We will limit our discussion within the effect of inflation rate to maintain the focus of this

paper. Increasing inflation usually indicates a volatile economy which deters investors to

make any venture especially in labor intensive sectors such as furniture industry. Increasing

inflation will increase cost of living triggering escalating labor cost. If labor cost is not

adjusted with inflation then it will lead to labor unrest resulting even worse circumstances.

Inflation in Bangladesh has an increasing trend but in recent year the trend shows less

volatility. Linear regression suggests that it will be about 10% in next few years. Although an

increasing inflation trend is not favorable for investment there is substantial evidence that it

will be within acceptable limits in near future.

7. Result

1. There is a positive relationship between FDI inflow and weakening currency of the

host country.

2. Inflation has a negative impact on FDI inflow in a country.

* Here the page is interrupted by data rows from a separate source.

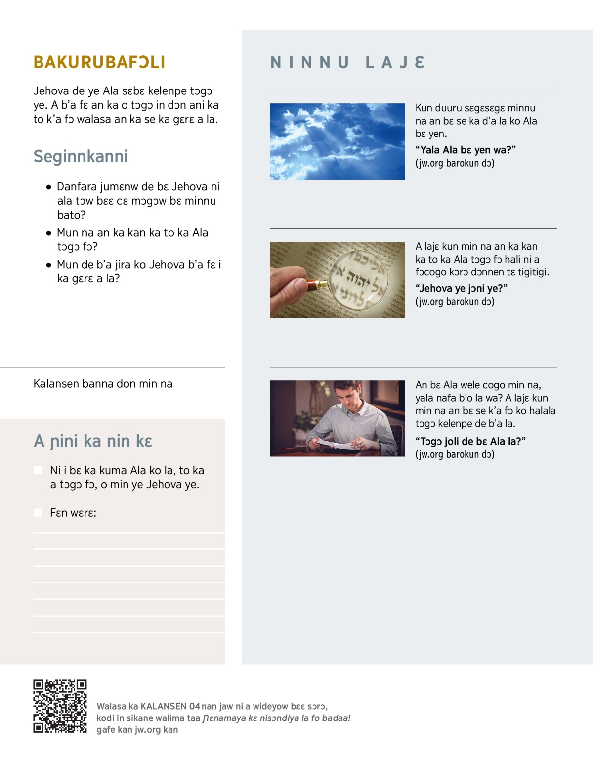 “Yala Ala bɛ yen wa?” (jw.org barokun dɔ)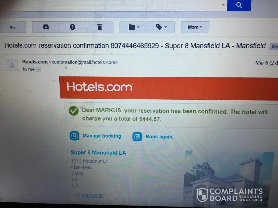 Hotels.com hotel booking I did not make on hotels.com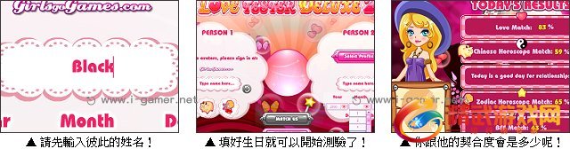 游戏操作:以键盘输入你和心仪对象的名字及生日进行测试。

3. Exchange rate and inflation trend in Bangladesh is favorable for making FDI in

furniture industry considering this sector is very potential with huge unexploited local

market, export opportunity, cheap labor etc

8. Conclusion

FDI plays a major part in the economic growth of a country especially of a developing

country like Bangladesh. Exchange rate and inflation have substantial effect on FDI inflow of

a country. Till now furniture industry of Bangladesh didn’t attract any significant amount of

FDI though there is huge potential of this sector both as a local market and export oriented

industry. Favorable exchange rate and inflation trend will help to attract FDI in furniture

manufacturing sector along with other sectors such as RMG, Pharmaceuticals and Leather;

therefore will positively contribute to the economic growth of Bangladesh.